D and D also allows a player to make up his or her own spells, on table play that is.. If Blizzard were to allow that in their game...
Besides, it could be that the way D&D presented the spells that Bliz adapted for Diablo were the best.
It's also done to show up the computer game D&D franchise, namely that except for Baldur's Gate and Torment, they generally suck. D&D don't even allow the make-up your own spell online. That sucks.|||Quote:
Anyway, I'm through with my one-man crusade on this issue. I made thread about this not too long ago, and literally not a single person agrees with me. When you copy something word for word, it's plagerism/stealing.

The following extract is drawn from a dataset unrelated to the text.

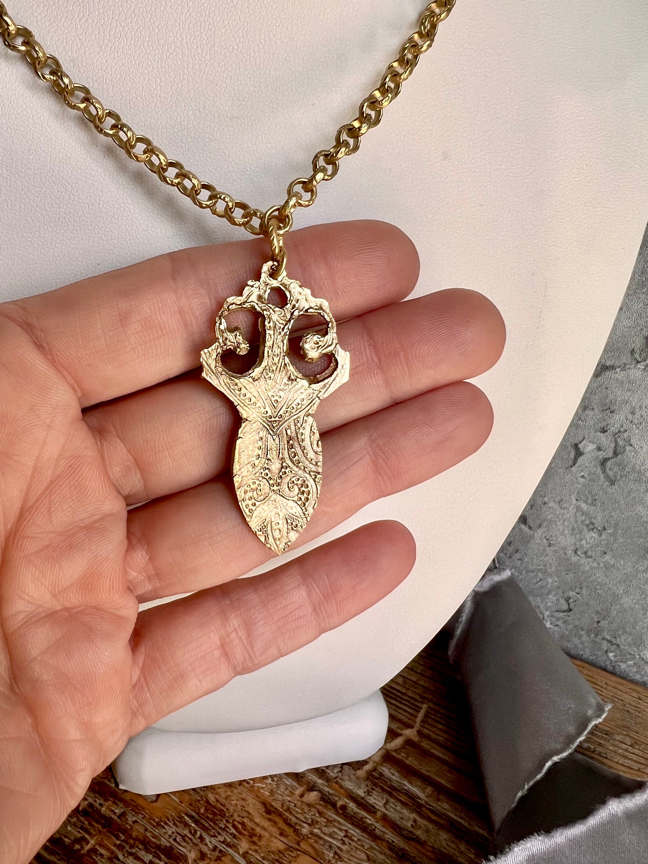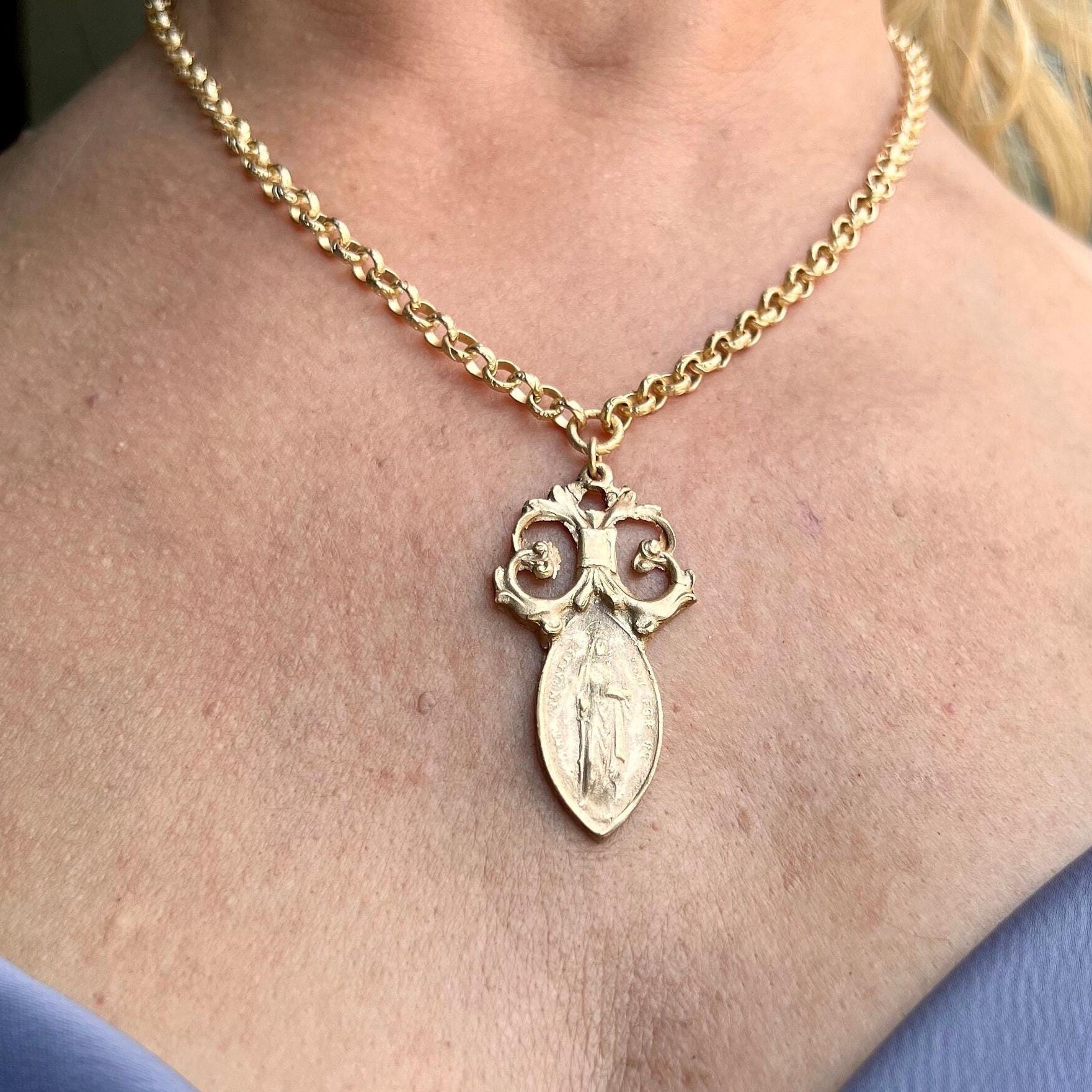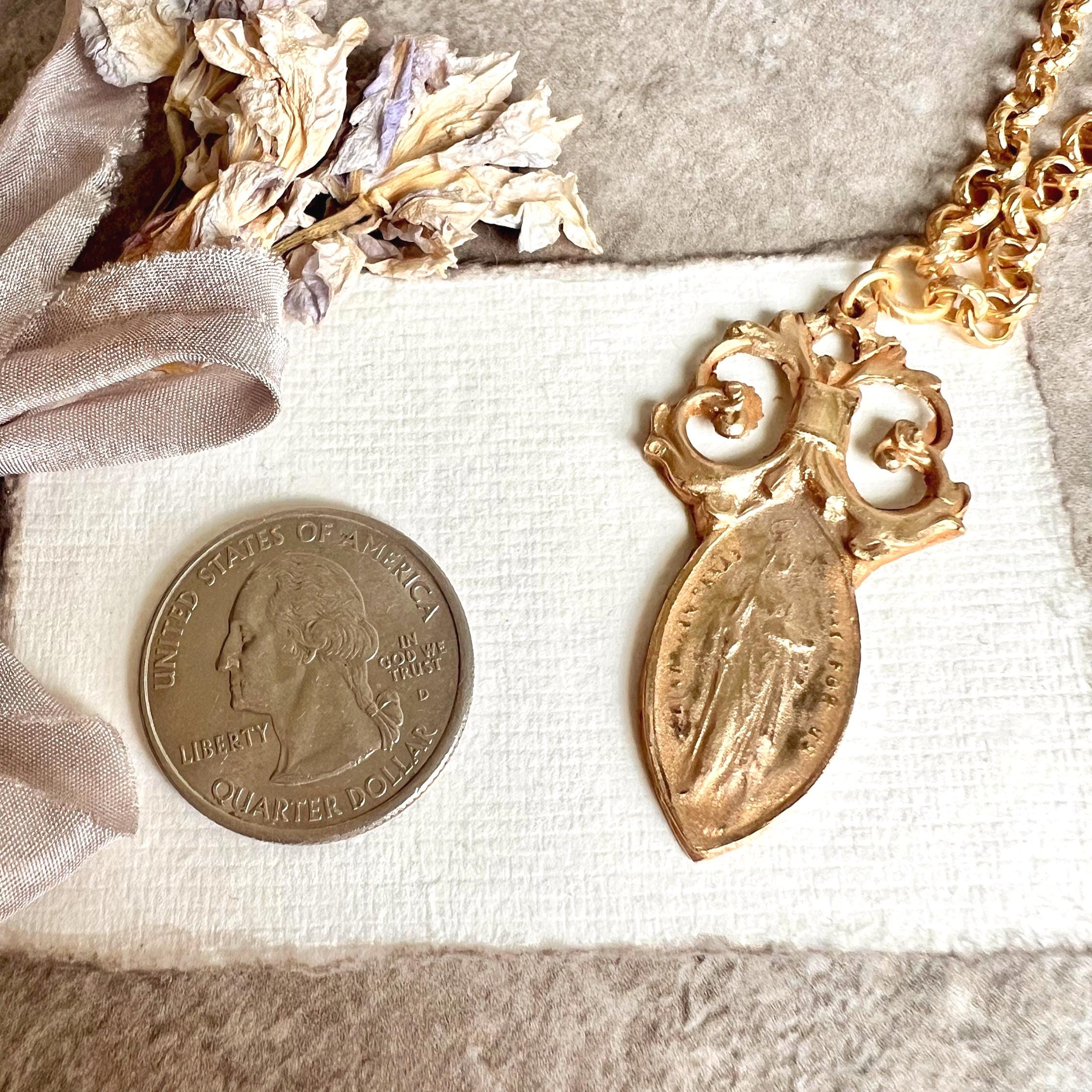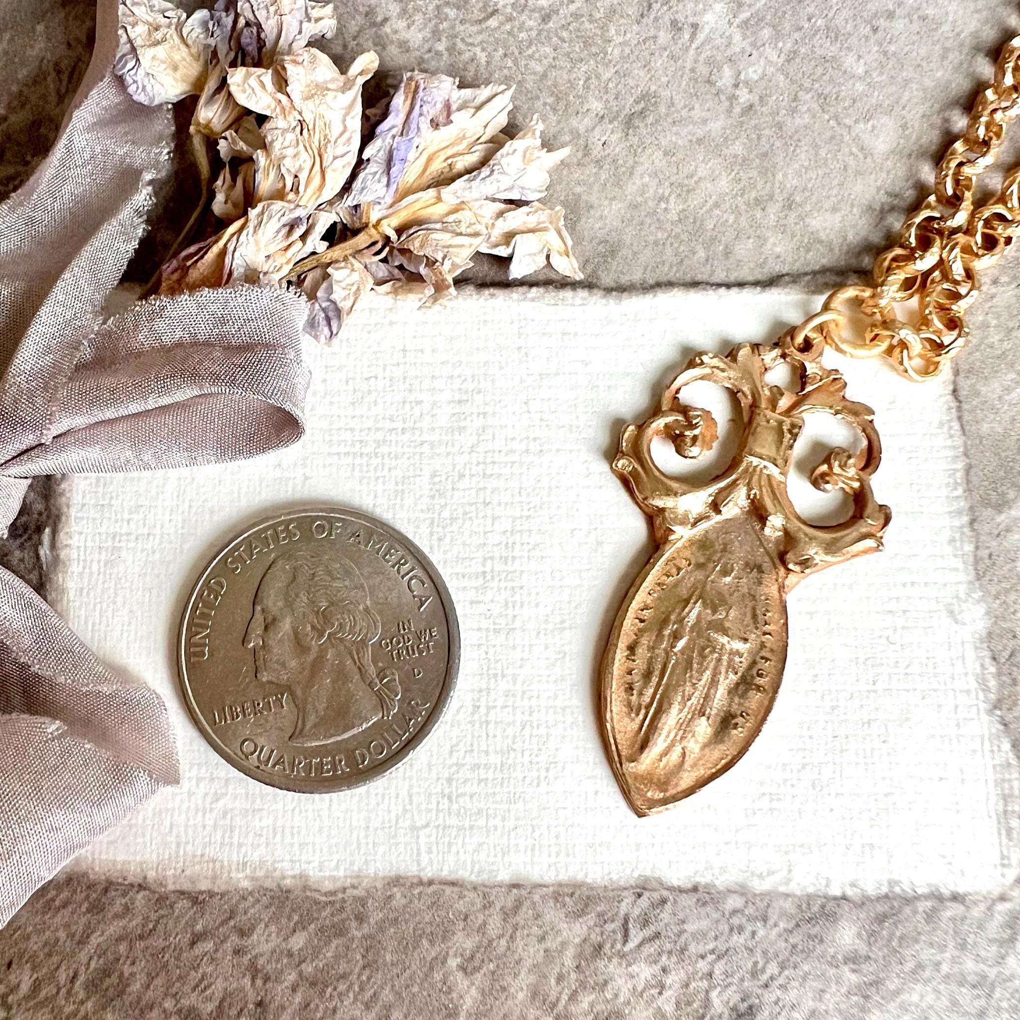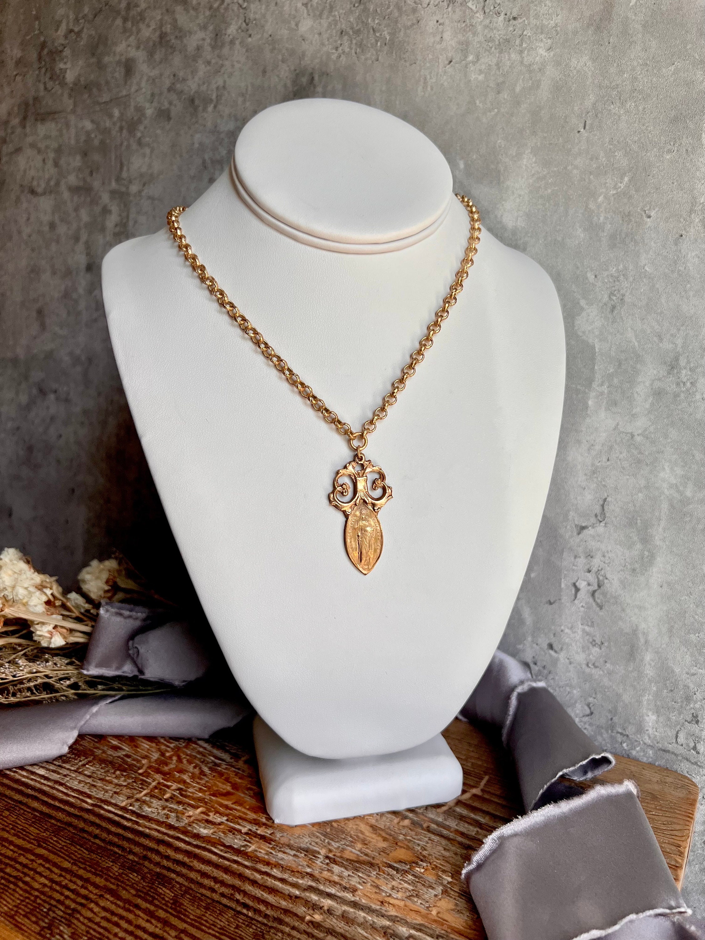 This is a unique depiction of Saint Dymphna with a Victorian scroll accent. I have found it difficult to find images of St Dymphna so I hope that you love this new design. This medal is unique to the Crown of Grace collection and was made by incorporating two century old parts. This antique replica medal was hand made out of bronze clay in my studio and is finished with a technique to give it a baroque style gold finish. It is paired with an etched rolo antique style non tarnish chain with Lobster claw closure.
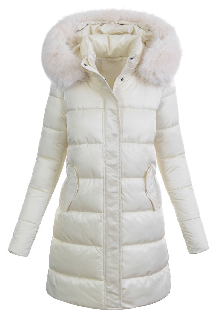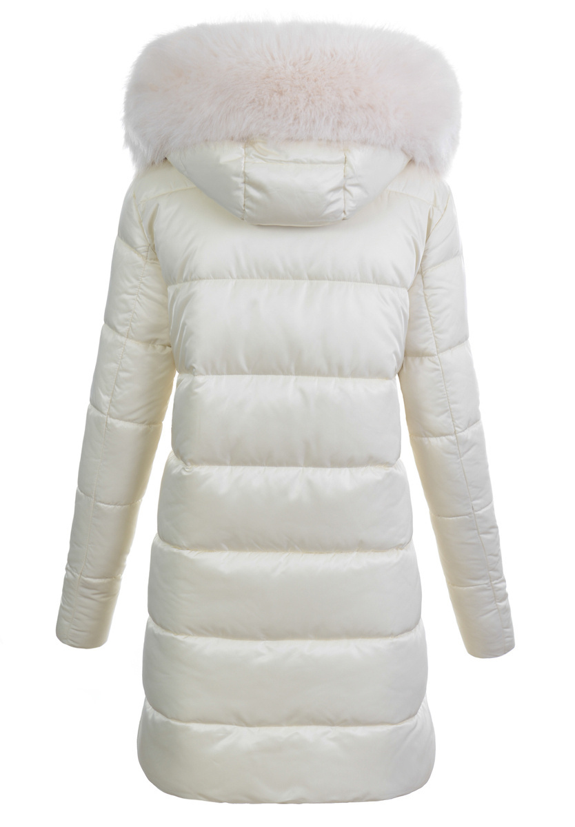 Przepiękna damska zimowa, pikowana kurtka w kolorze ecru. Kurtka zapinana jest na podwójny suwak i napy. Ocieplona wysokiej jakości wypełnieniem syntetycznym, która zapewnia termoizolację i wysoki komfort użytkowania. Posiada dwie pojemne, zapinane na napy kieszenie. Kurtka posiada odpinany kaptur z odpinanym futerkiem, który idealnie sprawdzi się jako ochrona przed wiatrem i deszczem. Kurteczka jest idealnym rozwiązaniem dla osób ceniących sobie wygodę idealna do wielu stylizacji.

Let's try this again, because your definition of plagiarism and homage seems to revolve entirely around your like/dislike of the idea being present in the game:
http://dictionary.reference.com/browse/plagiarism
Hmmm... Sorry, nope, don't see it.
According to your definition or plagiarism, any and every work of fiction that uses the word "fireball" to describe a spell that makes things go boom is plagiarizing. However, if they change the name to "flameball" it immediately and almost magically stops being plagiarizing.
Ok...?
Look, I would agree that you had a case there if Blizzard literally took the DnD wizard, directly copied its spell list and class features such as a Familiar, introduced Vancian spellcasting, and nabbed a couple pages of concept art for good measure to describe their Wizard. But they didn't. They named the a spellcasting class Wizard, threw in a few spells somewhat similar to their DnD counterparts, and then gave them names that most sane people would describe as homage or referencing.|||I covered this a bit earlier (page 3) by saying:
"See, firewall is a word found in the dictionary; therefore it's not copying from D&D."
So this goes for fireball too. Fireball is in the dictionary, and it's OK to take things out of the dictionary. But alas, 'stoneskin' is a pure creation of D&D and I think it's wrong to just take the whole thing.
From the site you posted:
"plagiarism
Literary theft. Plagiarism occurs when a writer duplicates another writer's language or ideas and then calls the work his or her own."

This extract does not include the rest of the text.